[Date Prev][Date Next][Thread Prev][Thread Next][Date Index][Thread Index]
Guix on clusters and in HPC
From: |
Ludovic Courtès |
Subject: |
Guix on clusters and in HPC |
Date: |
Tue, 18 Oct 2016 16:20:43 +0200 |
User-agent: |
Gnus/5.13 (Gnus v5.13) Emacs/25.1 (gnu/linux) |
Hello,
I’m trying to gather a “wish list” of things to be done to facilitate
the use of Guix on clusters and for high-performance computing (HPC).
Ricardo and I wrote about the advantages, shortcomings, and perspectives
before:
http://elephly.net/posts/2015-04-17-gnu-guix.html
https://hal.inria.fr/hal-01161771/en
I know that Pjotr, Roel, Ben, Eric and maybe others also have experience
and ideas on what should be done (and maybe even code? :-)).
So I’ve come up with an initial list of work items going from the
immediate needs to crazy ideas (batch scheduler integration!) that
hopefully make sense to cluster/HPC people. I’d be happy to get
feedback, suggestions, etc. from whoever is interested!
(The reason I’m asking is that I’m considering submitting a proposal at
Inria to work on some of these things.)
TIA! :-)
Ludo’.
- non-root usage
+ file system virtualization needed
* map ~/.local/gnu/store to /gnu/store
* user name spaces?
* [[https://github.com/proot-me/PRoot/][PRoot]]? but performance problems?
* common interface, like “guix enter” spawns a shell where
/gnu/store is available
+ daemon functionality as a library
* client no longer connects to the daemon, does everything
locally, including direct store accesses
* can use substitutes
+ or plain ’guix-daemon --disable-root’?
+ see
[[http://lists.gnu.org/archive/html/help-guix/2016-06/msg00079.html][discussion
with Ben Woodcroft and Roel]]
- central daemon usage (like at MDC, but improved)

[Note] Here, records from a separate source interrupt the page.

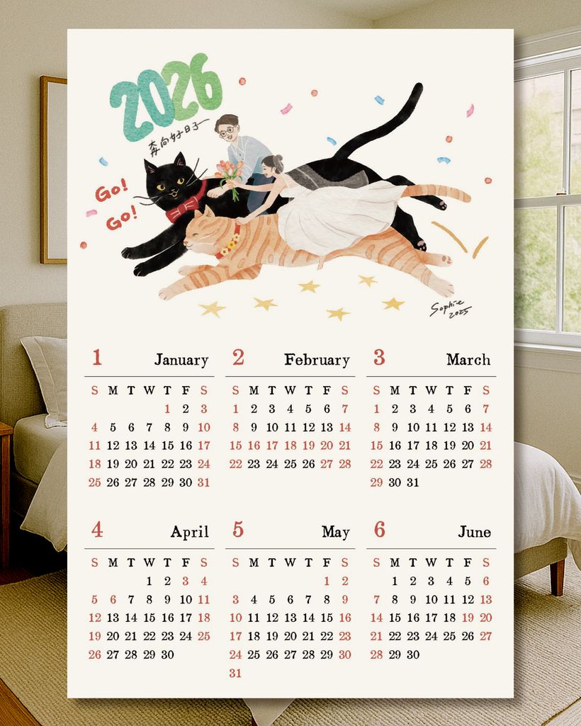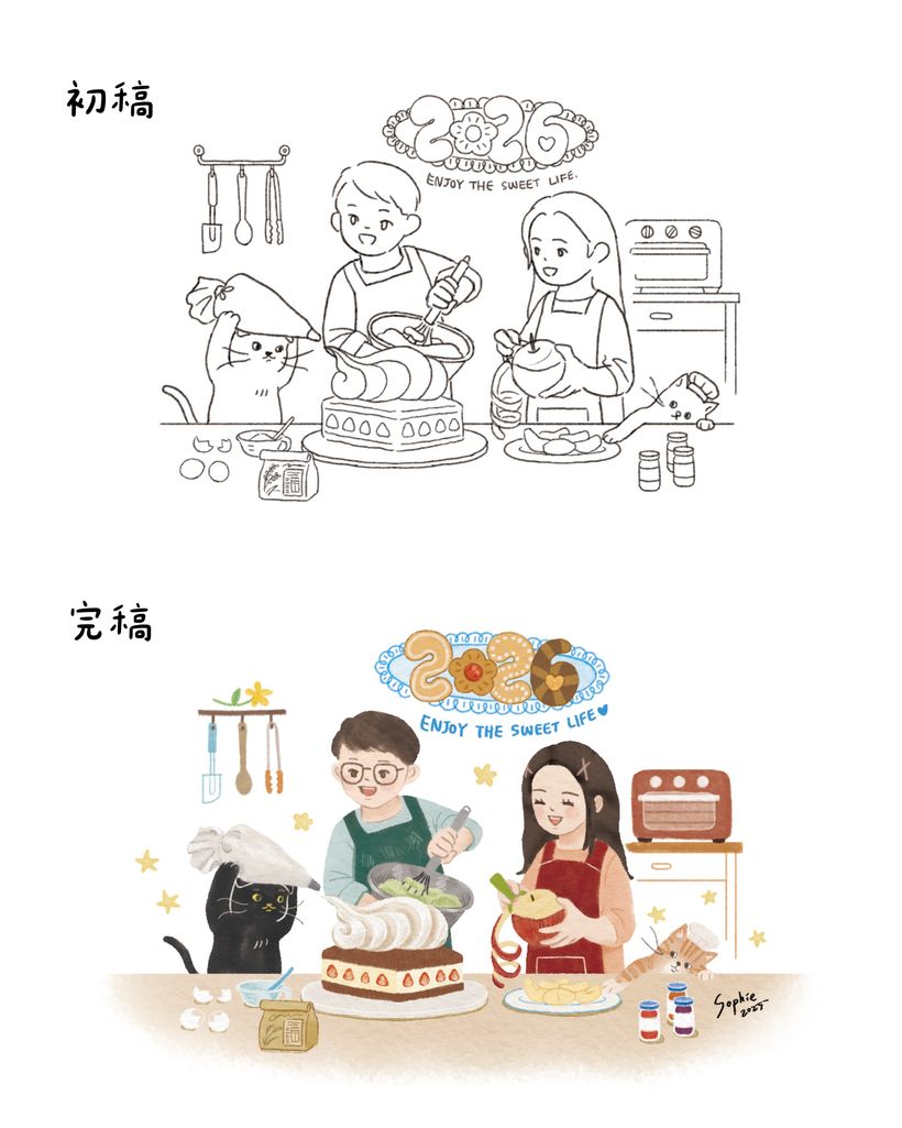 經過討論,我們設計上半年以貓咪載著新人們奔跑的畫面,象徵乘載幸福攜手向前的寓意;下半年則以新人們在廚房裡烘焙,搭配在一旁幫(ㄉㄠˇ)忙(ㄌㄨㄢˋ)的貓咪們,呈現溫暖甜蜜的日常。
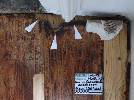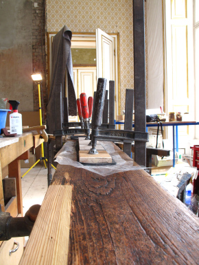Sejmutí slepé podlahy, vyčištění prostoru mezi trámy, elektroinstalace, opětovné položení slepé podlahy, rézování prasklin dílců vrchní prkenné podlahy, vlepení borovicových vložek s patřičnou orientací vláken, podlepení uvolněných letokruhů, opětovné položení vrchnní prkenné podlahy, výroba a doplnění prkna (vyplnění místa po sražení původních seschlých prken), povrchová úprava, retuše
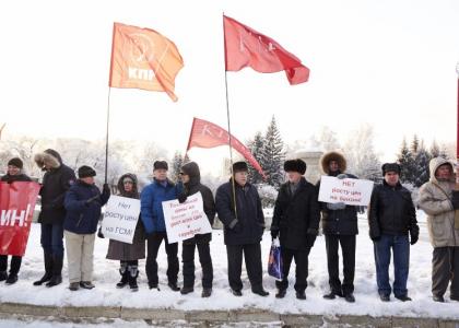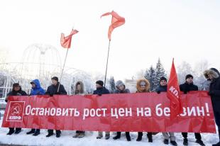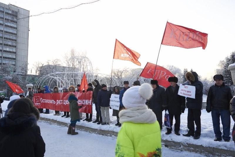 Новосибирский обком КПРФ присоединился к всероссийской акции протеста: коммунисты провели в Первомайском сквере пикет, посвященный необоснованному росту цен на бензин.
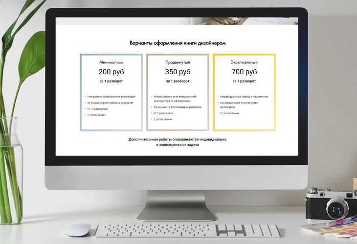 При создании фотокниг у каждого автора есть определенные потребности и задумки. Кто-то любит простой дизайн, единый фон на всю книгу и минимум текста. А кто-то хочет более сложное оформление книги, с использованием различных масок, логотипов, персональных фонов, эффектов, ретуши т .д. Верстка двух этих книг не сравнима по трудозатратам и времени, а значит не может оцениваться одинаково. Для этого мы создали три варианта оформления книги с дизайнером - “Минимализм”, “Продвинутый” и “Эксклюзивный. Каждый из них включает в себя не только принцип оформления, но и кол-во фотографий, согласований и разворотов. Это важно учитывать, т.к. даже если вы хотите создать книгу в стиле Минимализм, но предпочитайте делать много правок и менять макет в процессе создания, то вам скорее подойдет вариант “Продвинутый”.
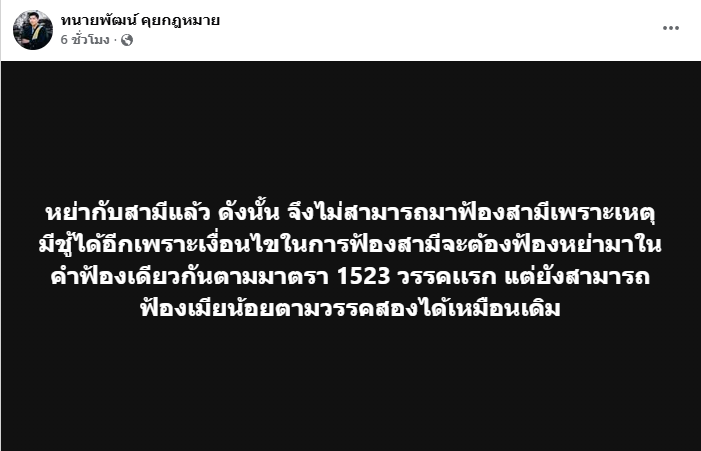 เมื่อวันที่ 3 พฤศจิกายน 2568 ทนายพัฒน์ หรือที่รู้จักกันในชื่อ ทนายเมียหลวง ได้โพสต์ข้อกฎหมายเกี่ยวกับการฟ้องชู้ ผ่านเฟซบุ๊ก ทนายพัฒน์ คุยกฎหมาย โดยระบุว่า

+ describe/define appropriate setup, like:
* daemon runs on front-end node
* clients can connect to daemon from compute nodes, and perform
any operation
* use of distributed file systems: anything to pay attention to?
* how should the front-end offload to compute nodes?
+ technical issues
* daemon needs to be able to listen for connections elsewhere
* client needs to be able to
[[http://debbugs.gnu.org/cgi/bugreport.cgi?bug=20381][connect remotely]]
instead of using
[[http://debbugs.gnu.org/cgi/bugreport.cgi?bug=20381#5][‘socat’ hack]]
* how do we share localstatedir? how do we share /gnu/store?
* how do we share the profile directory?
+ admin/social issues
* daemon runs as root
* daemon needs Internet access
* Ricardo mentions lack of nscd and problems caused by the use of
NSS plugins like [[https://fedoraproject.org/wiki/Features/SSSD][SSSD]]
in this context
+ batch scheduler integration?
* allow users to offload right from their machine to the cluster?
- package variants, experimentation
+ for experiments, as in Section 4.2 of
[[https://hal.inria.fr/hal-01161771/en][the RepPar paper]]
* in the meantime we added
[[https://www.gnu.org/software/guix/manual/html_node/Package-Transformation-Options.html][--with-input
et al.]]; need more?
+ for
[[https://lists.gnu.org/archive/html/guix-devel/2016-10/msg00005.html][CPU-specific
optimizations]]
+ somehow support -mtune=native (and even profile-guided
optimizations?)
+ simplify the API to switch compilers, libcs, etc.
- workflow, reproducible science
+ implement [[http://debbugs.gnu.org/cgi/bugreport.cgi?bug=22629][channels]]
+ provide a way to see which Guix commit is used, like “guix channel
describe”
+ simple ways to
[[https://lists.gnu.org/archive/html/guix-devel/2016-10/msg00701.html][test the
dependents of a package]] (see also
discussion between E. Agullo & A. Enge)
* new transformation options: --with-graft, --with-source
recursive
+ support
[[https://lists.gnu.org/archive/html/guix-devel/2016-05/msg00380.html][workflows
and pipelines]]?
+ add [[https://github.com/galaxyproject/galaxy/issues/2778][Guix support
in Galaxy]]?